THE TASK: Among the entries below, find the line with "This device has", then quote it and each following line up to and including the line with "격자 무늬 셔츠 여성의", and nothing else.

PROVIDED RECORDS:

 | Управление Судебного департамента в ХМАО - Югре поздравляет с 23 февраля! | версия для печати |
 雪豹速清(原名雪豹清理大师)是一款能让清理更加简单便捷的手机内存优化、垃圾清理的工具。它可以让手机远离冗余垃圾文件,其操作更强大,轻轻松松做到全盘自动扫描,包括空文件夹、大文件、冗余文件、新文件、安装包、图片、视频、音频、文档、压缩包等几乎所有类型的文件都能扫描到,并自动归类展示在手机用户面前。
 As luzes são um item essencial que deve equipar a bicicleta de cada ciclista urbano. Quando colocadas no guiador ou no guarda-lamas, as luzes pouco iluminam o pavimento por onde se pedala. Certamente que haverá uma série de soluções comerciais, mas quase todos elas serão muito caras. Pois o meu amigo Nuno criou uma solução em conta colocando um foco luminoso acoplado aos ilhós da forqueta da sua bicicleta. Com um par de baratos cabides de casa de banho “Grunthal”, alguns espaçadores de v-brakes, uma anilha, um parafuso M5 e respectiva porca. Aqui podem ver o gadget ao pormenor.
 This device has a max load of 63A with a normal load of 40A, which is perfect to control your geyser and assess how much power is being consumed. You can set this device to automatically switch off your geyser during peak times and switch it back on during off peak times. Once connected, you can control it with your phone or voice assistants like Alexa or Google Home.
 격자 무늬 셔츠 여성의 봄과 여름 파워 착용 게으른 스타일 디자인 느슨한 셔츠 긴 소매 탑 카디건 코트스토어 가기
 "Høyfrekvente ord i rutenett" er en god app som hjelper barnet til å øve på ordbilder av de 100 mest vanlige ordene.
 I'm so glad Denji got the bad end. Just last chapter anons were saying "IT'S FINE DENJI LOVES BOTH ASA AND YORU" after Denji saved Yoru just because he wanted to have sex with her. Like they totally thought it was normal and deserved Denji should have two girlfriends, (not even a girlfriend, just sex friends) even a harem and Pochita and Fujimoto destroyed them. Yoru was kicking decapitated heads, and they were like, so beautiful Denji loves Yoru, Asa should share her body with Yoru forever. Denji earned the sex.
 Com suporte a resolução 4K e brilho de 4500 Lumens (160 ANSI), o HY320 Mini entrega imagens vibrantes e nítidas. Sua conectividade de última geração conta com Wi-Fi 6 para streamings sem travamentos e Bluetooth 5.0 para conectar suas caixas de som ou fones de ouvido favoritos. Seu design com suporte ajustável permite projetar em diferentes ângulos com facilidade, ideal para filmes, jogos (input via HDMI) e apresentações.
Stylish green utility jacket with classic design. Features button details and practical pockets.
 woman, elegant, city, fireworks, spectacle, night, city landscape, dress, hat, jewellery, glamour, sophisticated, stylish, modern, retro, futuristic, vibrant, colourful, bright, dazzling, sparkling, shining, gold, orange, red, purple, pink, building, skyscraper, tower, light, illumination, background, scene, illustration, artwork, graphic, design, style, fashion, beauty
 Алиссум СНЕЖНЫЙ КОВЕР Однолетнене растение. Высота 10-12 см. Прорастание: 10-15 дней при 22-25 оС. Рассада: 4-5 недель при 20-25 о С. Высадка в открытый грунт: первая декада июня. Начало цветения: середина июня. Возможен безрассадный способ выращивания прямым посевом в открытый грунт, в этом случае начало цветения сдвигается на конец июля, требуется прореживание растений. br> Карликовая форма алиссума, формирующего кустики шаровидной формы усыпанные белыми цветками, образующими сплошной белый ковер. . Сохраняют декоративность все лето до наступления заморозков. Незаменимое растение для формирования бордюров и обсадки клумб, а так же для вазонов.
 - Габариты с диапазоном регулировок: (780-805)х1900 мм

SOLUTION:
 This device has a max load of 63A with a normal load of 40A, which is perfect to control your geyser and assess how much power is being consumed. You can set this device to automatically switch off your geyser during peak times and switch it back on during off peak times. Once connected, you can control it with your phone or voice assistants like Alexa or Google Home.
 격자 무늬 셔츠 여성의 봄과 여름 파워 착용 게으른 스타일 디자인 느슨한 셔츠 긴 소매 탑 카디건 코트스토어 가기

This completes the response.